• Adapted from: Spitalnick, A. (editor). “This Just In… Bing Cherries”. Vegetarian Times. (Vol.37, No. 6). July/August 2011. p 16.

    Bing Cherry Dressing
    Copyright © 2011. Adrien Bisson.

    My Comment: Growing up in the mid-west, I don’t remember much about Bing cherries; my cheery cherry memory is pitting sour cherries (by the pound) so my Mother could freeze them. Sweet cherries were Queen Annes.  I don’t know, maybe there were Bing cherries and I was just not paying attention.

    That said, this is the time of year when markets and even our CSA usually have Bing cherries available. I don’t often use dressing on salads; but this was intriguing — the sweetness of ripe red-purple cherries mixed with vinegar and mustard was an enticement on a sweltering summer evening when we just felt like eating a simple salad for supper.

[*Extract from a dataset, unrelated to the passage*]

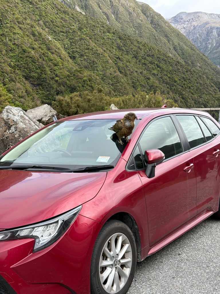 Oben am Arthur‘s Pass hat sich noch ein Kea erbarmt. Wenigstens hat er nicht mein Auto angetestet.

    Vegetarian Times did not specify amounts — so I won’t either.  Most recipes call for oil to vinegar ratios of 2:1 — I usually do just the opposite (there’s a shock). Add honey to taste and about a tablespoon of mustard (more or less to your personal taste).

    Puree together:

    Pitted bing cherries (I used about 30)
    Almond oil (see note above; I think I used about 2-3 TBSP)
    Champagne vinegar (see note above)
    mustard (about 2 tsp does the trick)
    honey (use agave or other liquid sweetener to make this vegan)

  • Adapted from Pomeroy, N. “Quinoa with sweet pea & sour cream dressing.”  Wall Street Journal Online: Slow Food Fast. (April 23, 2011). Downloaded from the web on 08 July 2011.

    Quinoa and Peas
    Copyright © 2011. Adrien Bisson

    My Comments: I love the texture and taste of quinoa and this slightly warmed dish seemed perfect for summer! Our CSA shares have included some wonderfully fresh sugar snap peas and even some mint — trying this recipe seemed to be a good fit.  Not a big fan of sour cream, so I substituted (of course) with non-fat Greek yogurt.

    Ingredients

    1/2 cup quinoa, rinsed
    1/2 teaspoon and pinch salt
    2/3 cup water
    1/4 cup and 1 tablespoon olive oil
    1/3 cup yellow onion, diced
    3/4 cup snap or snow peas, halved crosswise on the bias
    3/4 cup shelled peas, fresh or frozen
    2 tablespoons sour cream (I substituted Non-fat Greek yogurt)
    1/2 teaspoon Dijon mustard
    1 tablespoon champagne vinegar
    1 tablespoon lemon juice
    1/2 teaspoon sugar
    1/3 cup fresh mint, torn
    1/4 cup parsley, chopped

    Method

    1. Place quinoa in a small saucepan with a pinch of salt. Cover with water and bring to a boil over high heat. Reduce to a simmer and cook, covered, until tender, about 18 minutes. Remove from heat and fluff grains. Leave lid ajar, and let cool.

    2. While quinoa cooks, set a medium sauté pan over medium heat. Swirl in 1 tablespoon olive oil. Add onions and cook until soft, about 5 minutes.

    3. Stir in snap peas and shelled peas. Sauté for 2 minutes, or until peas turn bright green. Remove from heat.

    4. Mix sour cream, mustard, vinegar, lemon juice, sugar and ½ teaspoon salt together. Whisk in ¼ cup olive oil.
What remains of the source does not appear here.